An 11-year-old Tennessee boy will spend the rest of his childhood in jail after a judge found him guilty of murdering an 8-year-old girl during an argument over the girl’s puppy. 

Benjamin Tiller was found guilty Monday of first degree murder for the October death of McKayla Dyer

Police said the boy used his father’s shotgun to kill his neighbor after the girl refused to let him play with her new puppy, a local ABC affiliate reported.

The third-grade girl, her 11-year-old sister and their friend, another 11-year-old girl, were playing outside of McKayla’s home in a mobile home park in White Pine, Tenn. on Oct. 3

Benjamin saw the girls outside from his bedroom window next door and asked the girls to get their puppies, but the girls refused. 
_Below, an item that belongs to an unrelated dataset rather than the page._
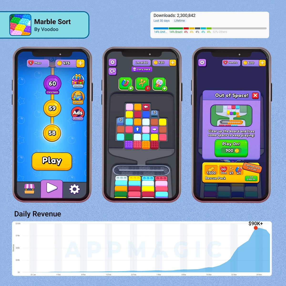 Marble Sort is a sort puzzle game by Voodoo, released in October 2025, and it has scaled to over $60K in daily IAP revenue, according to AppMagic.

Then Benjamin got his 12-gauge shotgun and a BB gun and told the girls that he had guns, according to court documents reviewed by ABC. 

McKayla laughed at him and said the weapons were not real. 

As she laughed, the boy “then made certain the gun was loaded, cocked the hammer on the gun and shot the victim just above the heart at a downward trajectory,” the Jefferson County Judge Dennis “Will” Roach II wrote. 

The girl fell backward, “quickly lost consciousness, and was later confirmed dead,” the judge wrote. 

Benjamin was sentenced to state custody until he turns 19.

“A child who commits first-degree murder cannot be willy-nilly turned loose into society,” the judge wrote, ABC reported.

Benjamin has five siblings — three brothers and two sisters — who have been placed with relatives and the state. He had been trained in firearm safety and frequently went hunting with his father.

McKayla’s mother said her daughter had long been bullied by the boy, whom she also went to school with.

“He was making fun of her, calling her names, just being mean to her,” Latasha Dyer said in October. “I had to go the principal about him and he quit for a while, and then all of a sudden yesterday he shot her.”   

Benjamin’s family said they plan to appeal the court ruling.